Chair of Session 7
Professor Bruce Doak, Max-Planck-Institut fur Medizinische Forschung, Germany and Arizona State University, USA
Liquid jet injectors for X-ray lasers
Dr Uwe Weierstall, Arizona State University, USA
The emerging method of serial femtosecond crystallography (SFX), which uses ultrashort X-ray pulses from an X-ray free electron laser to outrun radiation damage, has been shown recently to achieve atomic resolution from protein microcrystals. An essential requirement for SFX is a sample delivery method, which can keep up with the repetition rate of the XFEL and provides fresh sample for every X-ray pulse. A liquid jet injector has been developed at ASU for this purpose and allows data collection from hydrated biomolecules and microcrystals at room temperature. In order to use protein microcrystals grown in Lipidic cubic phase (LCP) for SFX experiments, a new approach was needed to generate a stream of the gel-like LCP with tens of micrometer diameter. Therefore a new LCP injector has been developed, which allows the collection of data from a contiguous stream of nanocrystals embedded in LCP. An overview of the current injection devices and recent results will be presented.
Daniel James, Dingjie Wang, John C H Spence, R B Doak, Petra Fromme, Arizona State University, USA
Martin Caffrey, Trinity College Dublin, Republic of Ireland
Vadim Cherezov, The Scripps Research Institute, USA
SFX vs PX: comparing crystallographic data from FELs and synchrotrons
Dr Thomas Barends, Max-Planck-Institut fur Medizinische Forschung, Germany
Free-electron lasers (FELs) are pushing back the limits of possibility in protein crystallography. The high-intensity, femtosecond duration pulses afforded by FELs allow data collection from micrometer-sized crystals while outrunning radiation damage. Moreover, FELs may be used for pump-probe experiments with unprecedented time resolution.

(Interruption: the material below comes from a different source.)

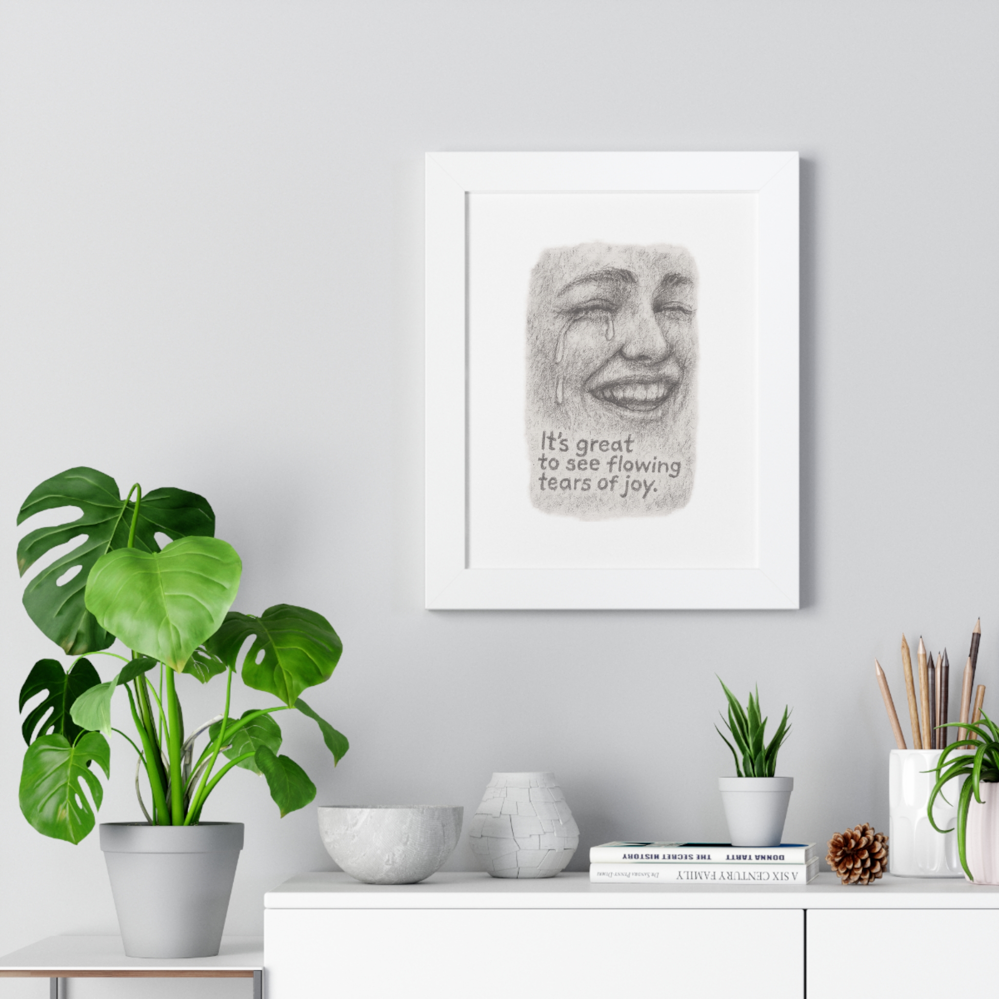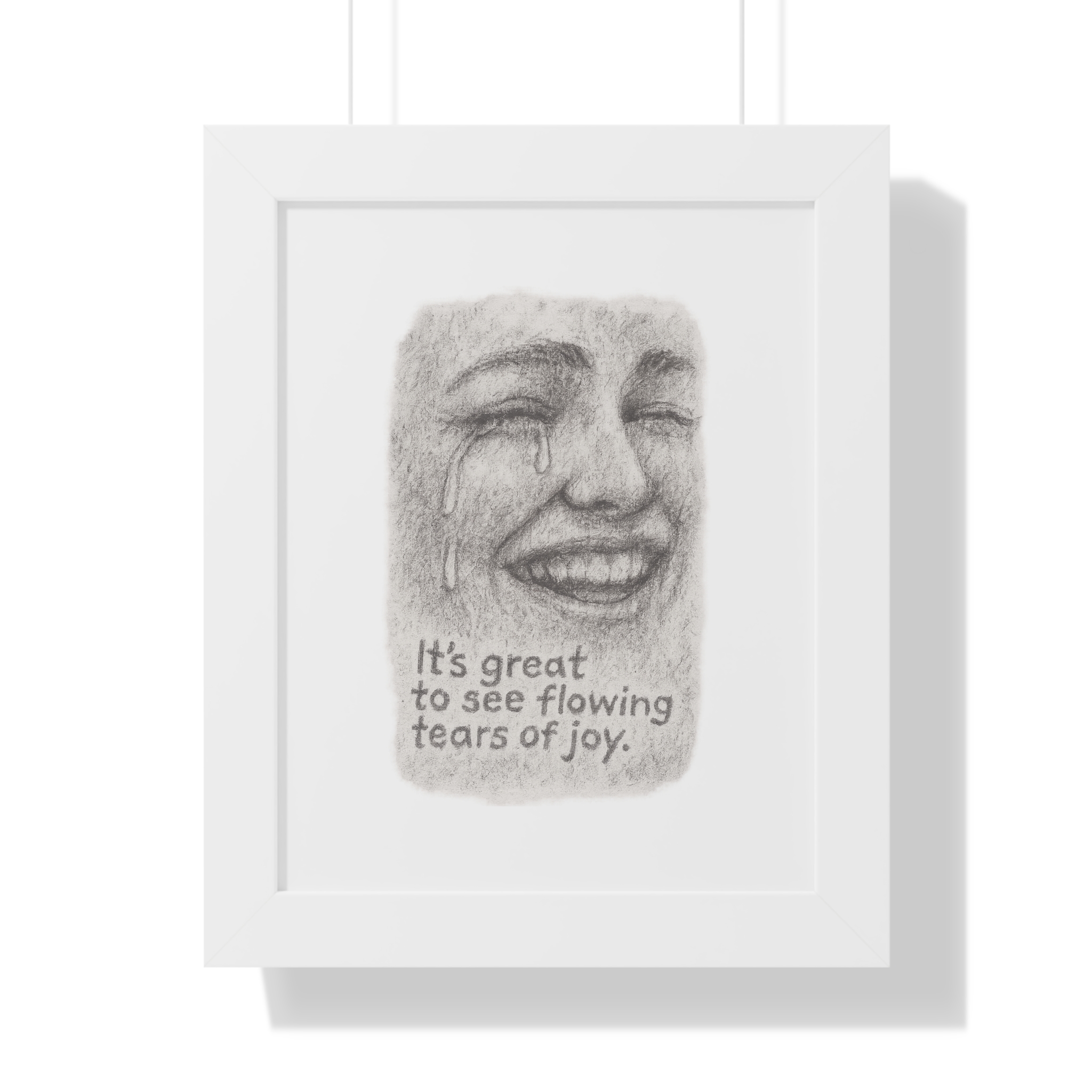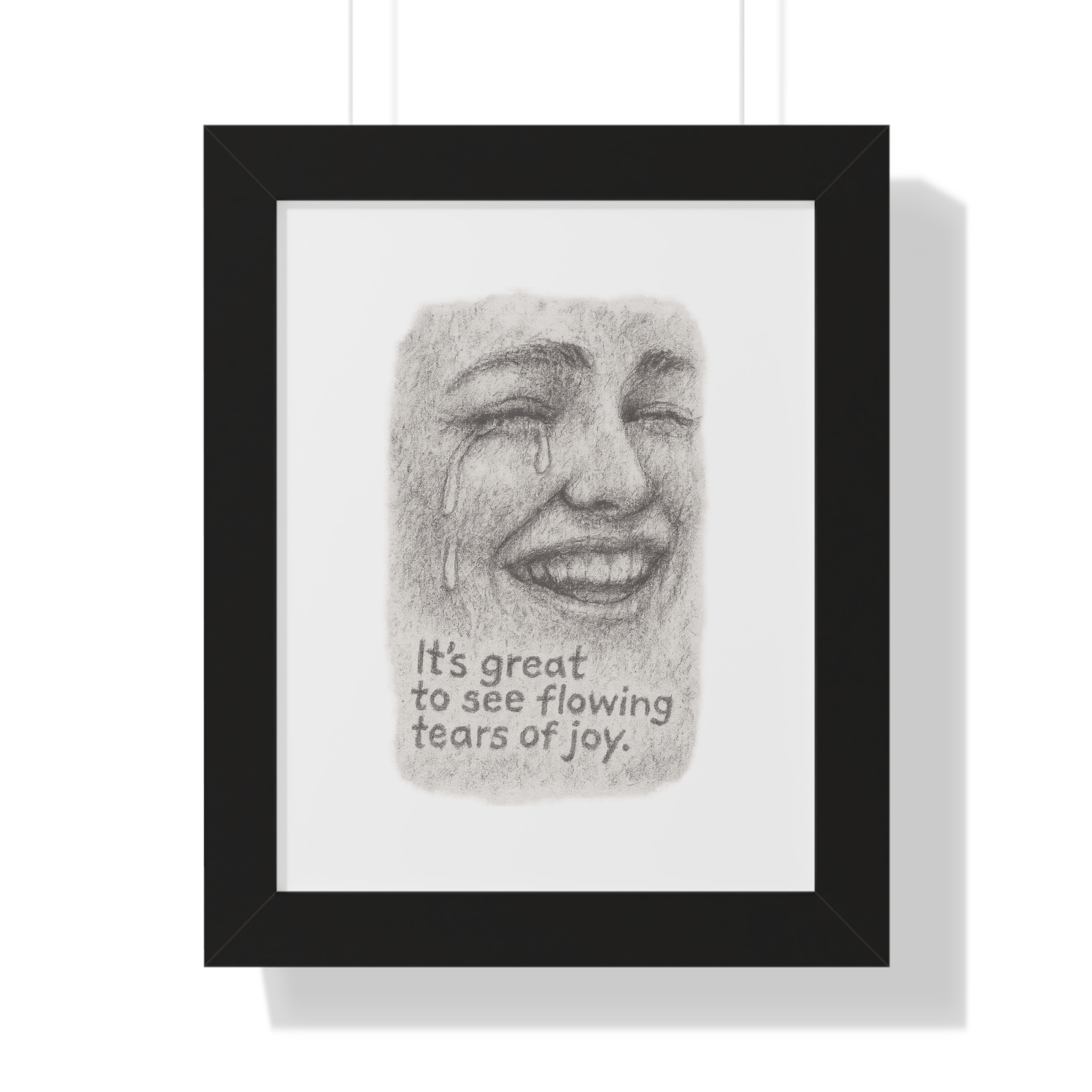 A quietly powerful framed vertical poster that pairs archival-grade, museum matte paper with a slim, elegant frame. The pencil-style portrait captures a bittersweet smile with tears of joy, paired with the understated line “It’s great to see flowing tears of joy.” The muted grayscale artwork sits beneath a protective acrylic cover and is offered in three frame finishes—black, walnut, or white—so it slips into modern, minimal, or cozy interiors. Lightweight but sturdy, the frame arrives ready to hang with built-in hardware (or included hanging pieces), so the piece can be mounted on a gallery wall, a bedside nook, or above a reading chair. This print brings a contemplative, empathetic presence to spaces where emotion and memory are honored.

However, the intricacies of FEL data collection pose specific challenges: as every FEL pulse destroys the sample, data are mostly collected from a stream of microcrystals and averaged to remove the variations in crystal size and quality as well as shot-to-shot variations in beam parameters. This technique, dubbed serial femtosecond crystallography (SFX) requires specific data processing methods.
Alternatively, data may be collected from a single crystal using an attenuated beam. This, too, requires special processing methods because of the limited sampling of reciprocal space possible in the short duration of the FEL pulse.
We will compare FEL data collected using both methods with comparable data collected using classical methods at synchrotrons, to explore the determinants of data quality in terms of beam and crystal properties.